= Little Billy (Seneca chief) =

Little Billy (died 1834, in Buffalo, New York) was a chief of the Seneca Nation of Haudenosaunee (Iroquois), also known as Tishkaaga, Gishkaka, Juskakaka, and Jishkaaga. He was a signer of several treaties with the United States government, including the Treaty of Canandaigua in 1794, and the Treaty of Big Tree in 1797.

Little Billy, along with Cornplanter, was a Chief Warrior of the Seneca. His name means Green Grasshopper, or Katydid.

In the lead-up to the War of 1812, on September 8, 1812, he addressed the Seneca leaders in Buffalo to encourage them to volunteer in support of the Americans, saying: "The path of peace is broken in every part." He distinguished himself in the war, including taking part in the successful American attack against the British at Fort George, Ontario, on August 17, 1813.

An annuity of $50 was appropriated to Little Billy by federal statute in 1832 and 1833.

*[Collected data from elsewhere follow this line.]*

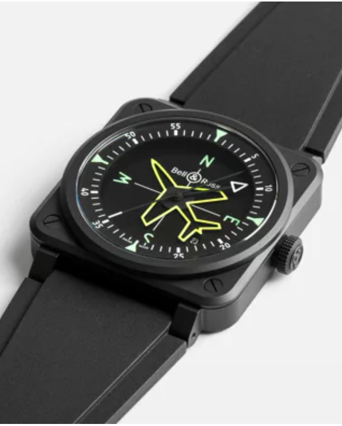 999 pcs Limited editionInstrument watch designer, Bell & Ross, adapts the most iconic dial yet of an aeroplane cockpit with the BR-03 Gyrocompass.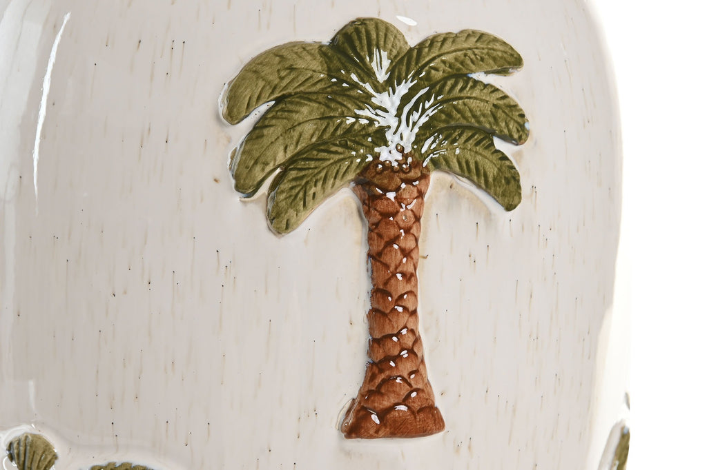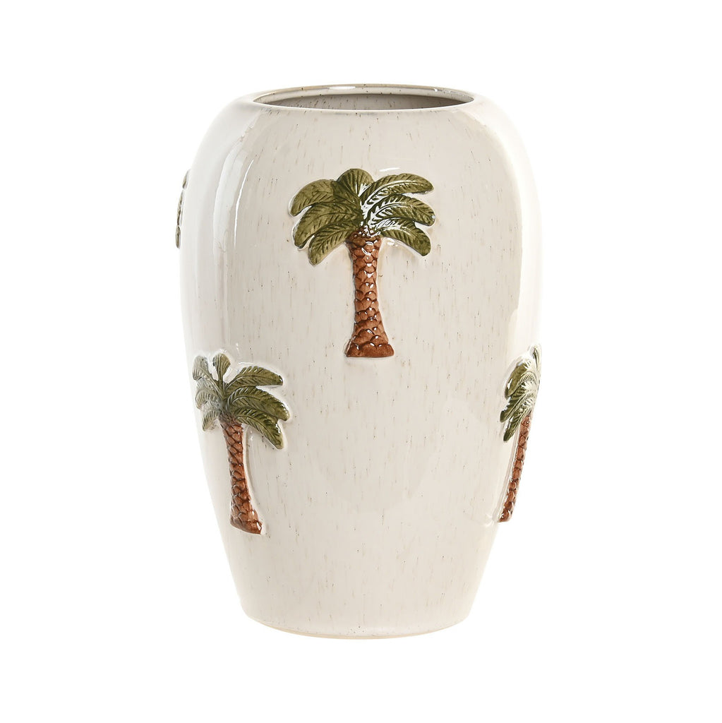 Las palmeras en relieve distribuidas por todo el cuerpo del jarrón están pintadas a mano en tonos verdes y marrones cálidos, aportando textura, color y un guiño nostálgico a las vacaciones eternas junto al mar. Su base en tono beige desgastado imita el acabado envejecido de los objetos recuperados, lo que lo hace ideal para entornos de inspiración mediterránea, boho o costera vintage.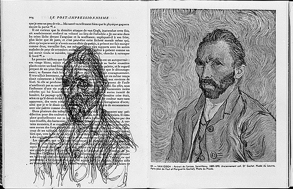 Daaronder een portret van Van Gogh door Alberto Giacometti, met pen en balpen nagetekend in een boek.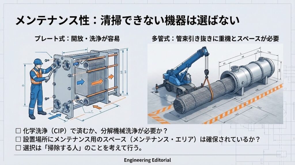 現場にそのスペースはあるのか? 化学洗浄で済むのか、機械清掃が必要なのか? これらを考慮せずに形式を選んではいけません。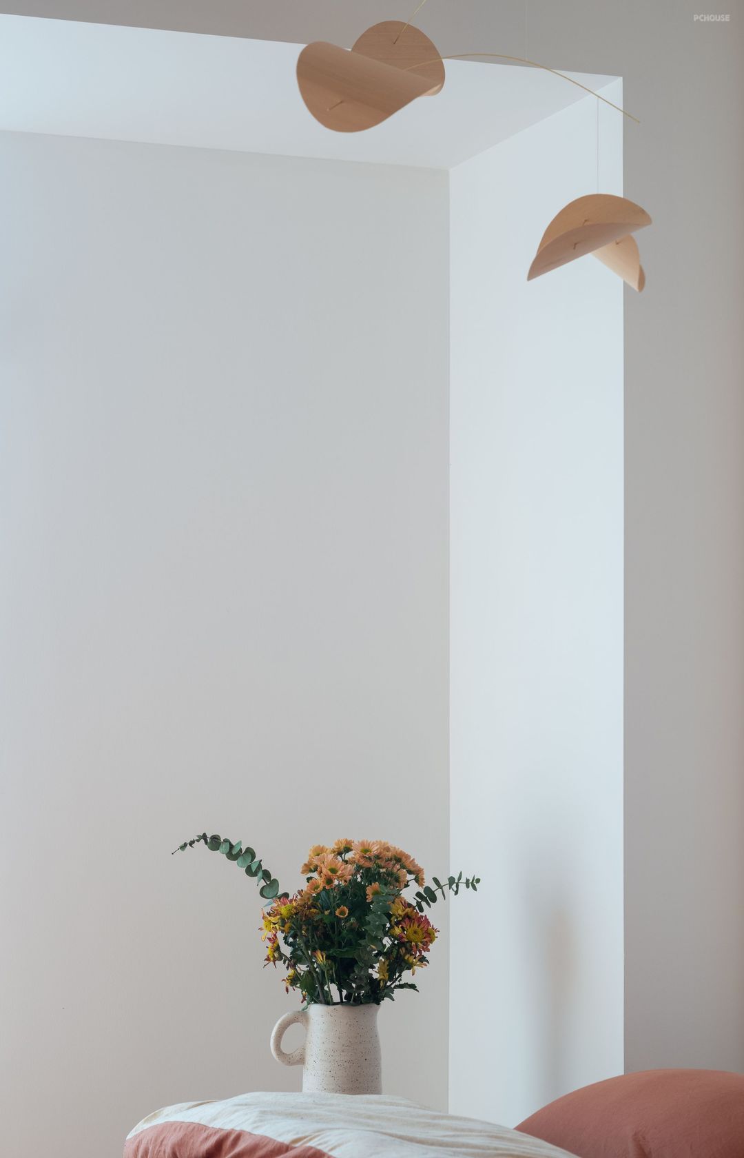 有一种质朴自然气息的客卧。悬挂在角落的漂浮平衡挂件我能盯着它看好久。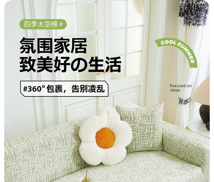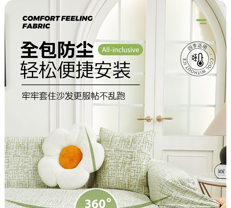 金拾美月四季通用沙发全包罩防猫抓太空棉沙发坐垫笠2025新款防滑盖布巾 星岛-抹茶绿 全包单人/适用90-140cm(送抱枕套)建议拍大一码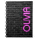 OLIVIA name in glowing pink marquee neon lights on city brick wall.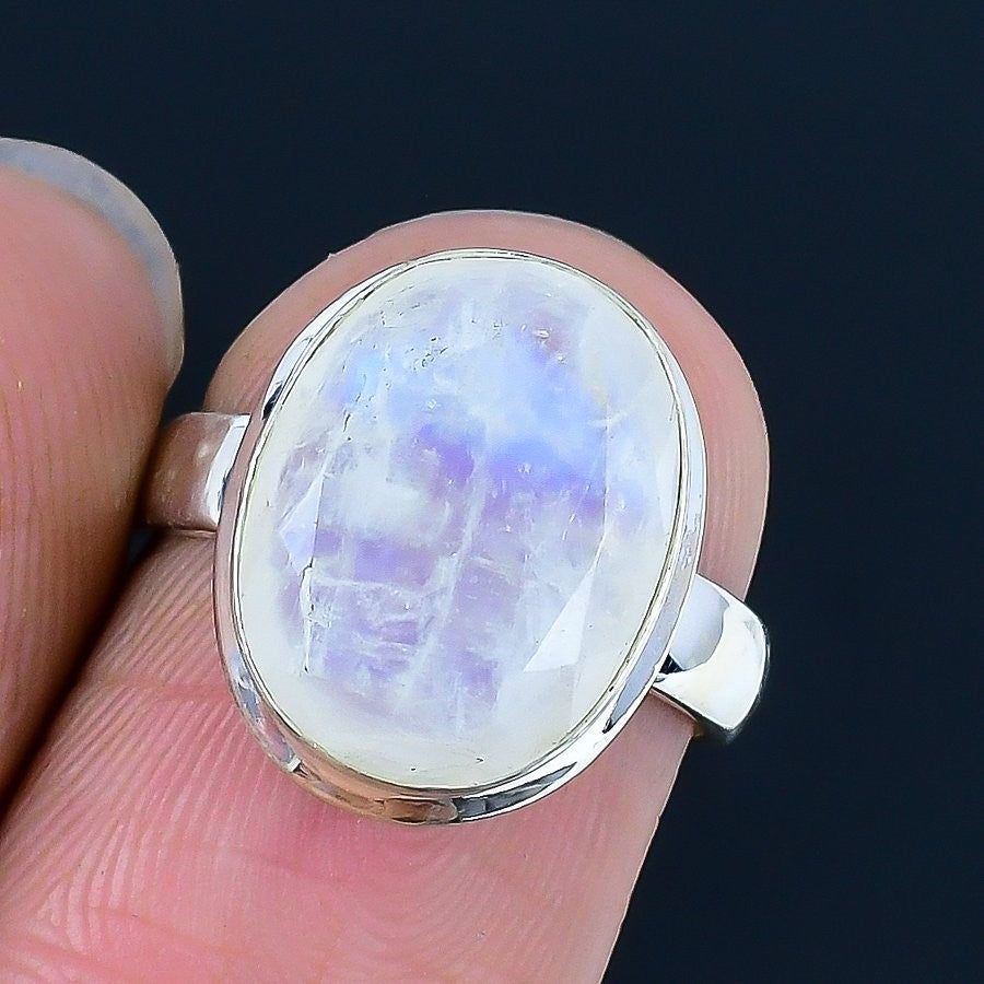 Rainbow Moonstone Faceted Stone 925 Solid Silver New Statement Ring Jewelry US 6

Little Billy died at "the Seneca village, Buffalo Creek, December 28, 1834", was originally buried in the Old Mission burying ground in Buffalo, and later reburied, along with Red Jacket, Young King, Destroy Town, Captain Pollard, Pollard's wife Catherine and granddaughter, Tall Peter, and nine others (possibly including Two Guns, Twenty Canoes, John Snow, and White Chief), in Buffalo's Forest Lawn Cemetery in 1884.

His date of birth is unknown, but he was apparently quite old at the time of his death. He is asserted to be the "Jes-ka-ka-ke" who guided George Washington on his mission to Fort Duquesne in 1753, implying that he may have been born around 1735. (Note: However, Washington describes Jeskakake as "old" in 1753)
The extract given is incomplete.